Chanel Deane1, Jeremy Pesicek2, ^^Stephanie Prejean^2^, Paul Earle1, Will Yeck1, David Shelly1

Abstract

Many of the world's volcanoes remain unmonitored seismically at local distances, posing significant challenges for eruption forecasting and monitoring of unrest.  Together, the U.S. Geological Survey's National Earthquake Information Center (NEIC) and Volcano Disaster Assistance Programs (VDAP) are addressing this problem in several ways. We are using regional and teleseismic data from the Global Seismographic Network and other publicly available networks, coupled with advances in detection and analysis methods to:  1) extend earthquake source detection methods, typically focused on high-frequency body waves, to lower frequencies using back-projection methods to improve detection of remote volcanic sources, 2) develop and deploy double-difference relocation methods using both body and surface waves to improve locations and therefore better resolve volcanic processes (e.g., diking), and 3) search global earthquake archives for historical analogs to better interpret seismogenic processes, statistically assess eruptive outcomes, and improve forecasts.  Combined, these efforts are improving our ability to rapidly characterize seismic unrest at remote and unmonitored volcanoes.
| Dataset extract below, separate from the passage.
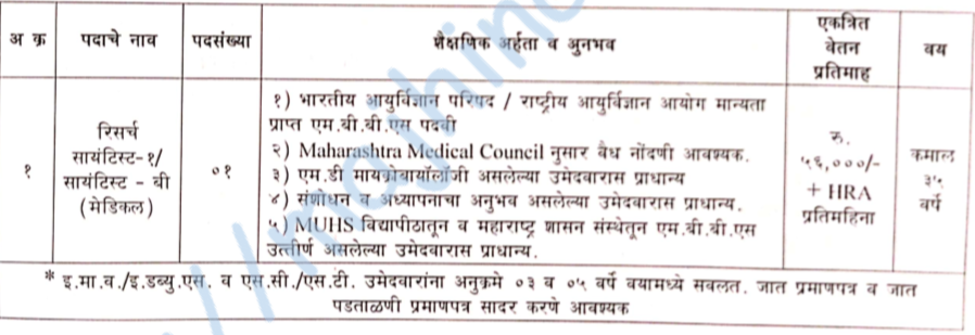 - १) संशोधन वैज्ञानिक/वैज्ञानिक-ब (वैद्यकीय) – रु. ५६,०००/- दरमहा

We present several recent examples where we have applied these methods, including the January 2022 eruption of the Hunga Tonga-Hunga Ha'apai volcano (Tonga), the October 2023 submarine eruption of Sofu Seamount (Izu Islands, Japan), the May 2021 eruption of Mount Nyiragongo (Democratic Republic of the Congo), and the ongoing dike intrusion between Fentale and Dofen volcanoes (Great Rift Valley, Ethiopia).